Ma cosa sono precisamente queste terapie?
Le terapie riparative (o di conversione o di riorientamento sessuale), sono quegli interventi volti a modificare l’orientamento sessuale di una persona, dall’omosessualità all’eterosessualità, o eliminare/ridurre desideri e comportamenti messi in atto.
Per appronfodire l’argomento vi riporto il comunicato dell’Ordine degli Psicologi dell’ Emilia Romagna che, inquadrando la situazione ed il contesto di riferimento, spiega perché siano inutili (E DANNOSE) le terapie riparative e pone l’accento sul nostro codice deontologico che, forse, alcuni colleghi hanno dimenticato ma che io, personalmente, condivido in pieno ed in cui credo fermamente!
In questi ultimi mesi diversi gravi episodi di omofobia e il diffondersi di informazioni e sollecitazioni attraverso siti internet, convegni, pubblicazioni di libri e articoli sul tema delle terapie riparative hanno riaperto il dibattito e la necessità di nuove e ulteriori riflessioni in merito all’atteggiamento della scienza verso l’omosessualità. Come Ordine degli Psicologi dell’Emilia Romagna sentiamo l’esigenza di esprimere il nostro pensiero.

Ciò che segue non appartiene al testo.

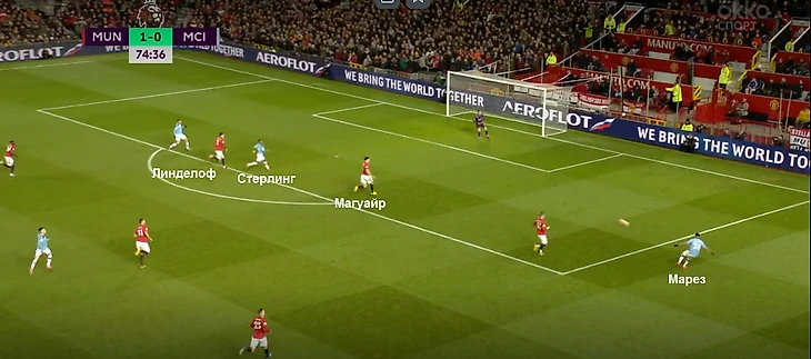 Далее, на 75 минуте, невероятно голевой момент был у Стерлинга. В этот раз был задействован правый, не такой активный, фланг "Сити". Канселу отдал отличную проникающую передачу на Мареза. Тот в гордом одиночестве догоняет мяч и простреливает в штрафную площадь "МЮ". Линделоф не успевал за Стерлингом, а Магуайр не контролировал пространство между собой и Рахимом. Нападающий "Сити" пытается в падении нанести удар по мячу, но круглый лишь проскальзывает по левой ноге Стерлинга. Упущен, наверное, самый голевой момент «горожан».

L’omosessualità è una malattia?
Per caratteristiche culturali proprie delle società occidentali e per concezioni scientifiche fortemente condizionate da esse, fino al 1974 l’omosessualità compariva come categoria diagnostica di disturbo mentale sia nella classificazione mondiale dell’Organizzazione Mondiale della Sanità (ICD-9) che in quella dell’APA, American Psychiatric Association (DSM-II).
Nei lavori di revisione del DSM-II che portarono alla pubblicazione del DSM-III nel 1974 l’APA eliminò dalla classificazione dei disturbi mentali l’omosessualità, includendo invece in un’unica categoria – quella di Disturbi dell’Identità di Genere– ogni “malessere persistente riguardante il proprio sesso assegnato”. L’accento dell’APA, a partire da allora, è posto sul malessere persistente (DSM-IV, criterio B) vissuto dall’individuo nella propria identità di genere qualunque sia l’orientamento sessuale. Vale a dire che il disturbo consiste nel vissuto di disagio della propria identità e non nell’orientamento sessuale di per sé. L’omosessualità, che non rientra nell’ambito delle identità di genere, non è quindi annoverata tra le patologie, ma il malessere individuale che in certi casi provoca può spingere a una richiesta di aiuto e rendere effettivamente necessario un intervento psicologico.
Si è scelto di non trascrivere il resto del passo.